30 May, 2014
Big Data Landscape CategoryAnalytics and Visualization
Employees41 (Management Committee)
Hadoop is an open source software framework by the Apache Software Foundation that helps facilitate data analysis for structured and unstructured databases. Hadoop can perform its functions across distributed computer networks—meaning that data can be moved to and from separate applications, helping to integrate the data analysis process and guarding against data loss.
Hadoop software uses MapReduce, a Google-produced model for programming that processes large sets of data by dividing applications into smaller work sets that can be run in any distinct node (computer or other device in a network) in a cluster (networked group of such devices). There is some disagreement over where and how MapReduce began to proliferate the data processing space, but most point to a paper from Google titled MapReduce: Simplified Data Processing on Large Clusters, written by Jeffrey Dean and Sanjay Ghemawat. The release of this paper is seen by many as the springboard for MapReduce’s massive growth, as well as Hadoop’s creation.
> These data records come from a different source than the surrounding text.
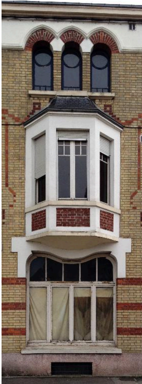
Détail d'une travée.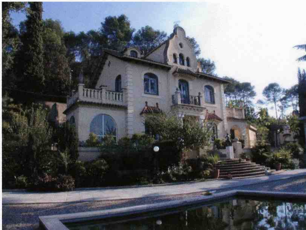
Vista des del nord

Generalitat de Catalunya (Octubre, 2001) Departament de Política Territorial i Obres Públiques Direcció General d'Urbanisme Comissió Territorial d'Urbanisme de Barcelona Ajuntament de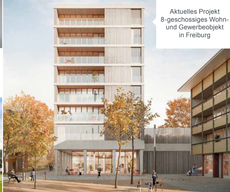
Aktuelles Projekt 8-geschossiges Wohn- und Gewerbeobjekt in Freiburg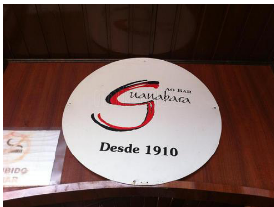
Atual logomarca do Bar Guanabara.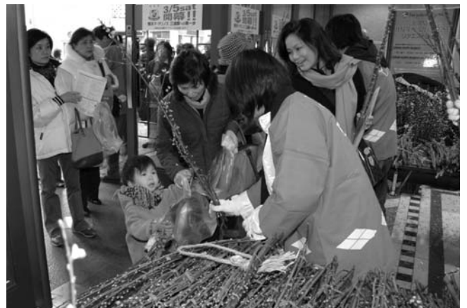
桃の花を受け取る親子

2日は、一宮観光協会会員が横浜駅西口で首都圏の人たちに桃の花6000束をプレゼント。桃の花を手にした大勢の人たちは、桃の節句でもあるこの時期の春の便りを喜んでいました。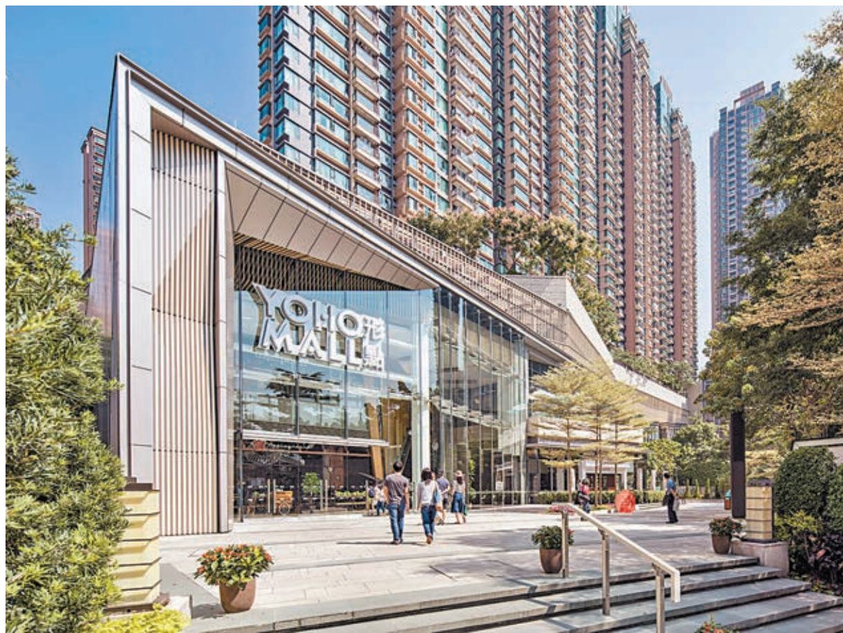
創智建築師有限公司 YOHO MALL

寶利建築顧問有限公司 (BCI Asia) 將於今晚假香港君悅酒店舉行第十二屆「BCI Asia Awards」年度頒獎典禮，以表揚香港十大最活躍的建築設計公司及地產發展商。FuturArc「環保建築設計大獎」及「環保設計先鋒大獎」亦將於典禮上公佈獲獎名單並頒獎。屆時，本港建築及地產界一眾精英將再次齊聚一堂，共同見證這歷史性的一刻。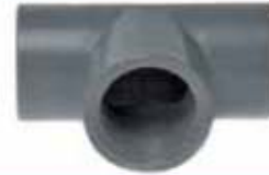
Tee 90° / So-So-HI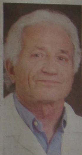
פרופ' שוקי דור, מומחה בפרייה הפריה חוץ-גופית וניתוחים גינקולוגיים, המרכז הרפואי שיבא, תל השומר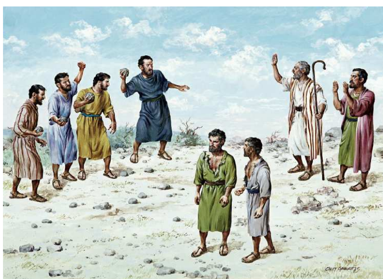
Show #38: Angry Israelites ready to stone Moses and Aaron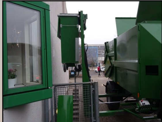
Verschiebung Elevator 100cm.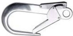
Conector A Modelo AA 023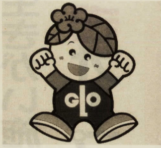
マスコットマーク

平成5年10月に上府中公園で開催される「かながわ都市緑化小田原フェア」のシンボルマーク・マスコットの入選者が決定しました。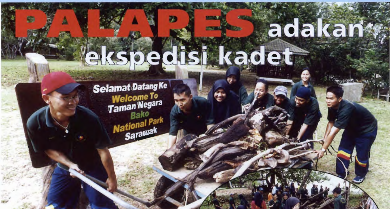
Semangat kerjasama boleh dijalin melalui kerja-kerja bergotong royong.

Separang perjalanan balik ke Kuching suasana begitu meriah dengan kisah tawar-menawar di Tebedu dan kegelian melihat ulat sagu yang menjadi makanan sebahagian kaum di Sarawak. Setibanya di Unimas mereka berkemas untuk berangkat balik pada kira-kira pukul 5.30 petang. Lawatan tiga hari di Sarawak akan tetap menjadi kenangan indah dalam lipatan memori mereka.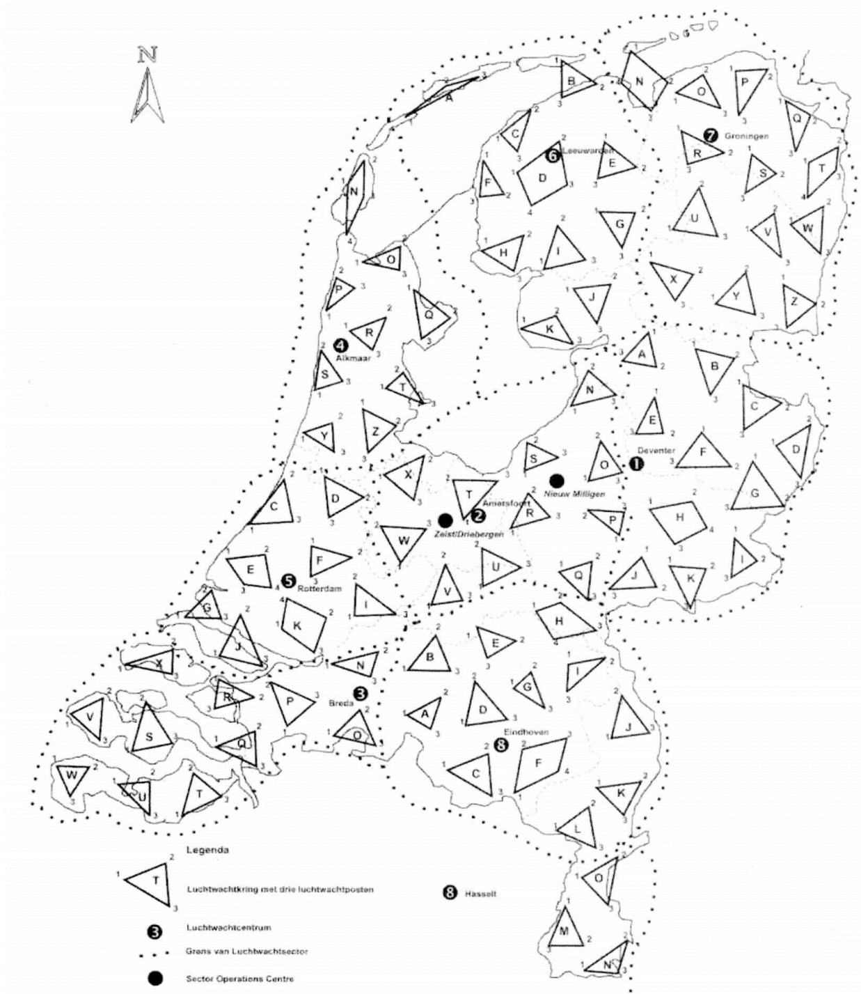
Het landelijk dekkend netwerk van het KLD met 275 luchtwachtposten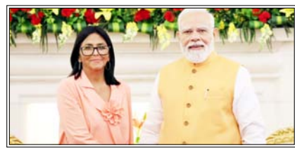
पीएम ने वैश्विक और क्षेत्रीय मुद्दों पर चर्चा के साथ-साथ विकासशील देशों के हितों को बढ़ावा देने पर बात की

नई दिल्ली। भारत और वेनेजुएला ने विशेष रूप से ऊर्जा और उसके साथ-साथ, महत्वपूर्ण खनिज, व्यापार, निवेश, फार्मास्यूटिकल, स्वास्थ्य सेवा तथा ऑटोमोबाइल जैसे क्षेत्रों में सहयोग बढ़ाने पर सहमति व्यक्त करते हुए द्विपक्षीय साझेदारी को और अधिक मजबूत बनाने की प्रतिबद्धता दोहराई है।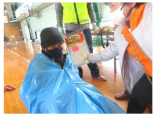
実演!ブルーシート寝袋

まず、一部の地区(5地区)で安否確認タスキにより住民の安否(無事)を確認し、地区対策本部(公民館)で報告を受ける訓練を実践しました。次に、小学校東体育館に地区全体から避難訓練者が参加。市の危機管理課から能登地震など実際の災害を想定した地域防災計画についてのお話や、地域の防災士により地域や家庭で取り組む防災活動についてワークショップが行われました。また、災害時を想定して参加者が持ち寄ったお米をポリ袋で炊飯し、参加者全員で試食しました。いざというとき、地域がどう動くか、一人一人がどう行動すべきか、被害者「0」を目指し地域を守るという共通認識をさらに高められたと思います。なお、今回の訓練では、ハートネット(CATV)の取材もあり2月14日に放送されました。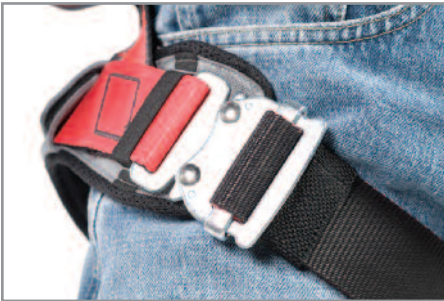
Disponible con hebillas de ajuste rápido, que facilitan la conexión y el ajuste en el pecho y piernas.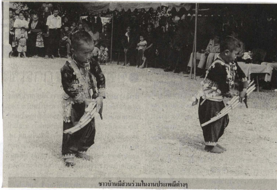
ชาวบ้านมีส่วนร่วมในงานประเพณีต่างๆ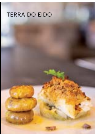
TERRA DO EIDO

Em Brandara e Arcozelo somos surpreendidos por cozinha de excelência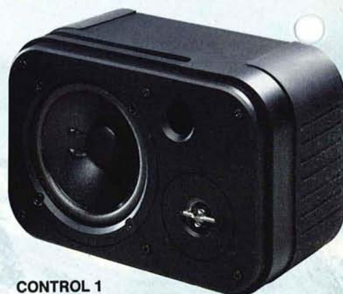
CONTROL 1 Monitors da banco di regia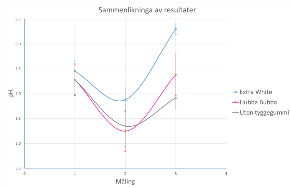
Figur 4: Sammenlikning av gjennomsnittsverdiene for hver av forholdene.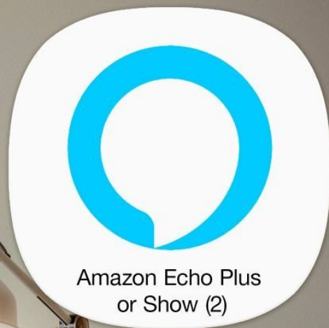
Amazon Echo Plus or Show (2)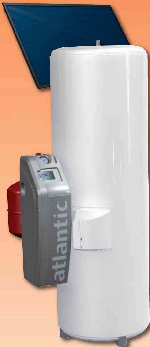
Modèle hydrosolaire 300 L

L'assurance d'une qualité optimale et de promesses toujours tenues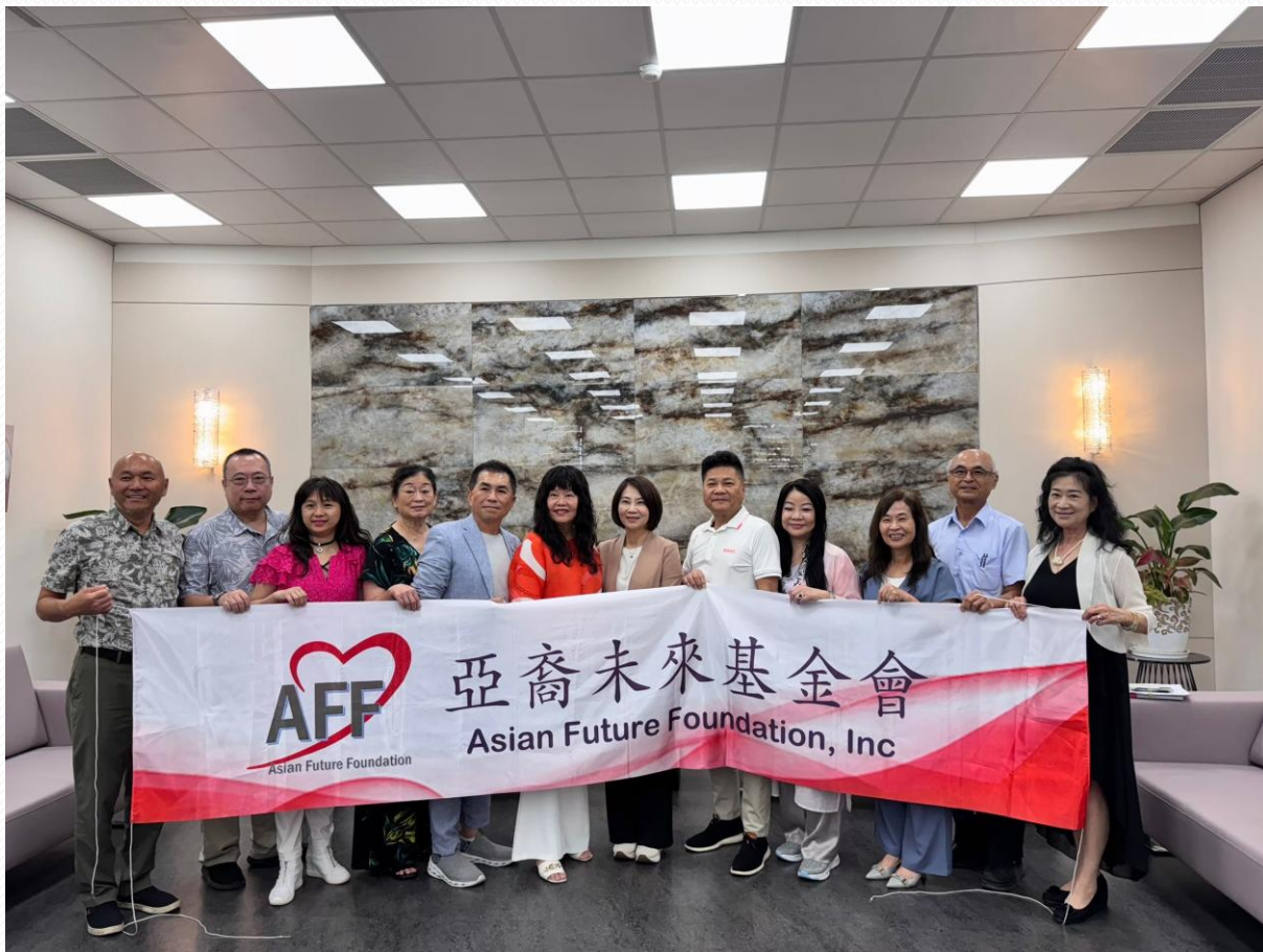
美國亞裔未來基金會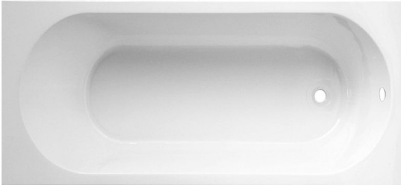
Bañera modelo Nerea 160x70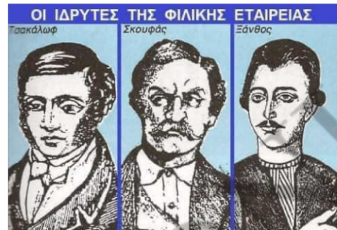
Οι ιδρυτές της Φιλικής Εταιρείας

Not long after the release of this paper, a software engineer named Doug Cutting saw the potential that MapReduce had for increasing the scale of work that could be done by data analysis software on the web, particularly for two important projects he had been working on—Nutch, a spider or crawler, and Lucene, a search indexer. Along with Mike Cafarella, Cutting created Hadoop in 2005, naming the framework after his son’s toy elephant. In 2006, Cutting joined Yahoo!, and the company soon adopted Hadoop.
Since 2005, Hadoop has been used as a data analysis solution for thousands of enterprises. Those numbers have grown with the explosion of digital business intelligence technology, as companies have been established with the sole purpose of producing business intelligence applications for Hadoop. The software that these companies create act as an application layer between Hadoop and the end user, expanding the number of business intelligence tools available through Hadoop and making Hadoop functionality more accessible to engineers and lay-users alike. In 2009, Doug Cutting left Yahoo! for just such a company—Cloudera—and now works producing applications that run over Hadoop.